RÉSUMÉ
Dengue virus (DENV) cycles between mosquito and mammalian hosts. To examine how DENV populations adapt to these different host environments, we used serial passage in human and mosquito cell lines and estimated fitness effects for all single-nucleotide variants in these populations using ultra-deep sequencing. This allowed us to determine the contributions of beneficial and deleterious mutations to the collective fitness of the population. Our analysis revealed that the continuous influx of a large burden of deleterious mutations counterbalances the effect of rare, host-specific beneficial mutations to shape the path of adaptation. Beneficial mutations preferentially map to intrinsically disordered domains in the viral proteome and cluster to defined regions in the genome. These phenotypically redundant adaptive alleles may facilitate host-specific DENV adaptation. Importantly, the evolutionary constraints described in our simple system mirror trends observed across DENV and Zika strains, indicating it recapitulates key biophysical and biological constraints shaping long-term viral evolution.

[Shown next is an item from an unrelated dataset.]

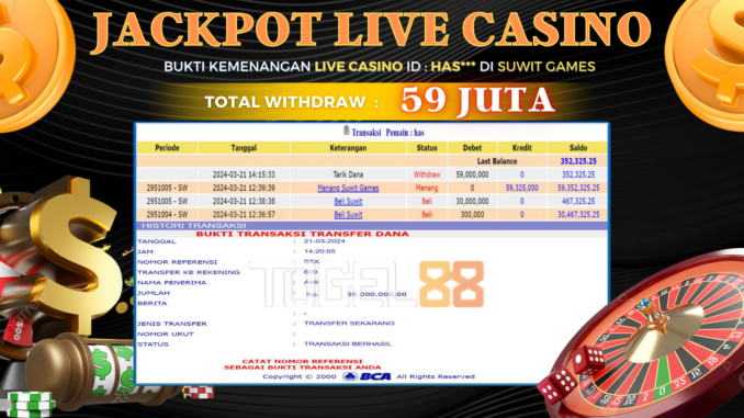 MEMBER TOGEL88 MENERIMA PELUNASAN KEMENANGAN JACKPOT LIVE CASINO DI SUWIT GAMES Rp 59.000.000,- LUNAS

Viruses are constantly evolving as a result of mutations in their genetic material and environmental pressures. Viruses switching between insects and mammals face unique evolutionary pressures because they must retain their ability to infect both types of organisms. Yet, the mutations in a virus that may be beneficial in an insect may be different from the ones that may be beneficial in a mammal. Mutations in one host may be even harmful in the other. To learn more about how such viruses thrive as they switch between hosts, Dolan, Taguwa et al. studied the dengue virus, which causes over 390 million infections and over 10,000 deaths each year around the globe. They compared the mutations that occurred as the virus multiplied in human and mosquito cells grown in a laboratory. In the experiments, they used a method called ultra-deep RNA sequencing to identify every change that occurred in the genetic material of the virus each time it multiplied. They determined whether the mutations were beneficial or harmful based on whether they became more common suggesting they helped the virus survive or whether they did not persist because they were likely harmful or even fatal to the virus. The experiments showed that many harmful mutations constantly occur in the virus, in both human and mosquito cells. Beneficial changes happen rarely, and those that do are usually only helpful in one type of cell. Fatal mutations tended to occur in parts of the genetic material that encodes regions in the viral proteins that must remain the same. These structural elements appear to be essential to the virus's survival and unable to undergo change, which makes them good targets for antiviral drugs or vaccines. The techniques used in the study may be useful for investigating other viruses and for understanding the evolutionary constraints on viruses more generally. This may help scientists develop antiviral drugs or vaccines that will remain effective even as viruses continue to evolve and mutate.